── Recorded information ──

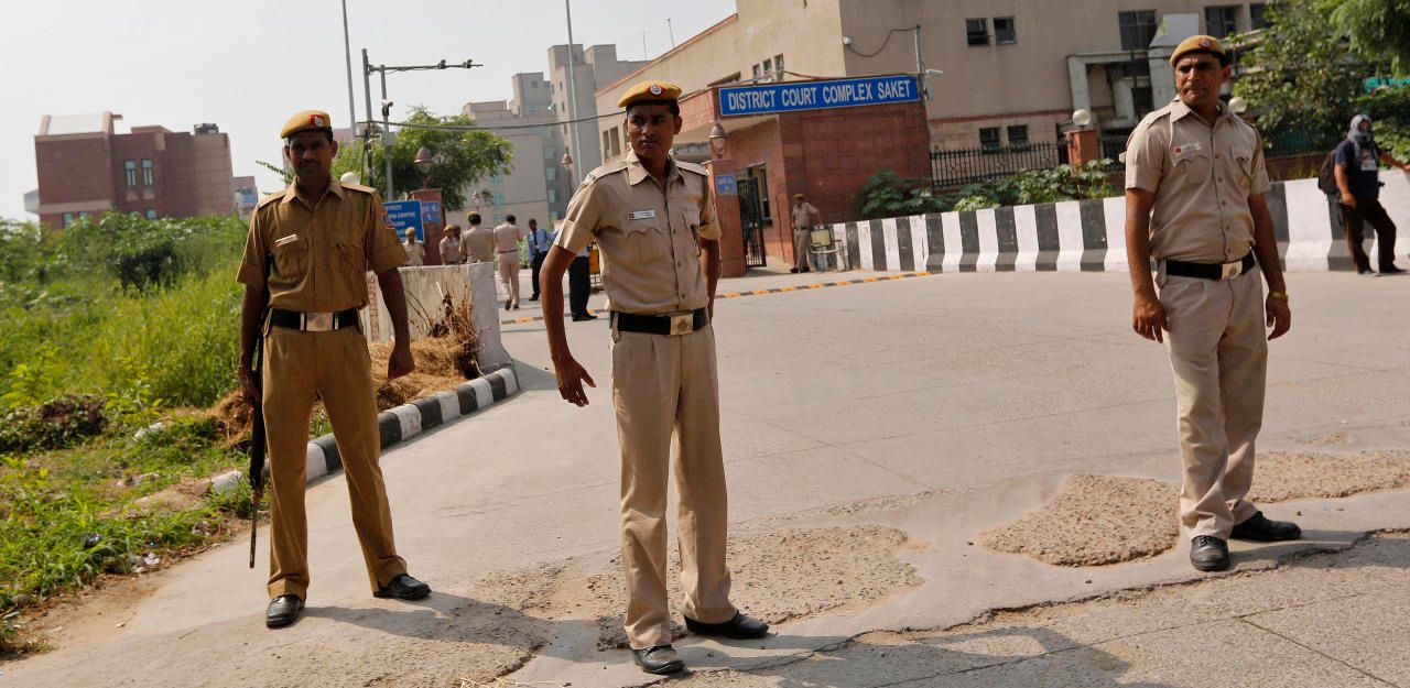 Indische Polizisten stehen Wache vor einem Gerichtsgebäude in Neu-Delhi.
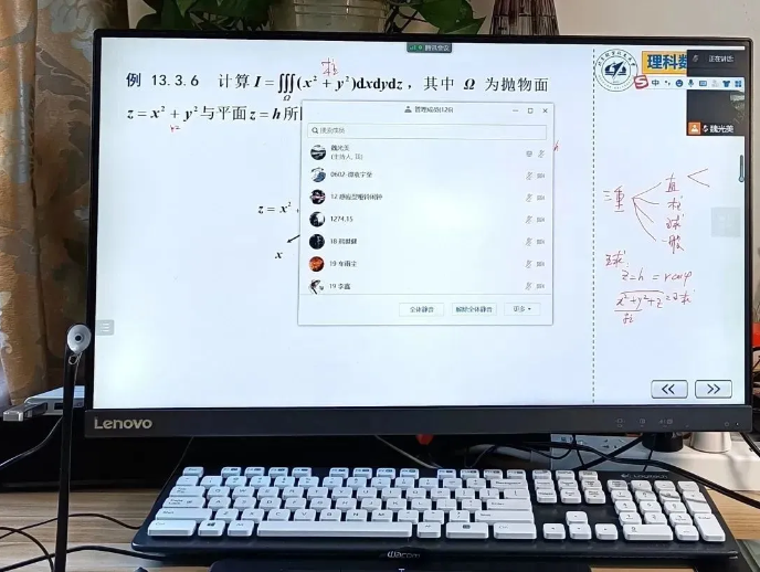 为了适应网上教学,魏老师将课件尺寸改为16:9格式,屏幕右边分隔出约1/5的面积,方便随时书写板书并保存发给学生
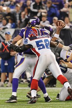 Arthur Moats, the guy that stopped Brett Favre's consecutive game start streak, continued his outstanding play today. Moats was credited with one and a half sacks for the game in addition to getting credit for two other QB hits. His pressure on the quarterback is something that was void in the Bills defense during the first six weeks.
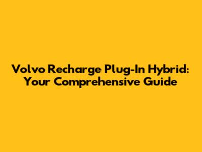Volvo Recharge Plug-In Hybrid: Your Comprehensive Guide

───

◆ Problem statement: Leaving images out, please output every line of the data exactly.

◆ Exercise solution:
 Indische Polizisten stehen Wache vor einem Gerichtsgebäude in Neu-Delhi.
 为了适应网上教学,魏老师将课件尺寸改为16:9格式,屏幕右边分隔出约1/5的面积,方便随时书写板书并保存发给学生
 Arthur Moats, the guy that stopped Brett Favre's consecutive game start streak, continued his outstanding play today. Moats was credited with one and a half sacks for the game in addition to getting credit for two other QB hits. His pressure on the quarterback is something that was void in the Bills defense during the first six weeks.
Volvo Recharge Plug-In Hybrid: Your Comprehensive Guide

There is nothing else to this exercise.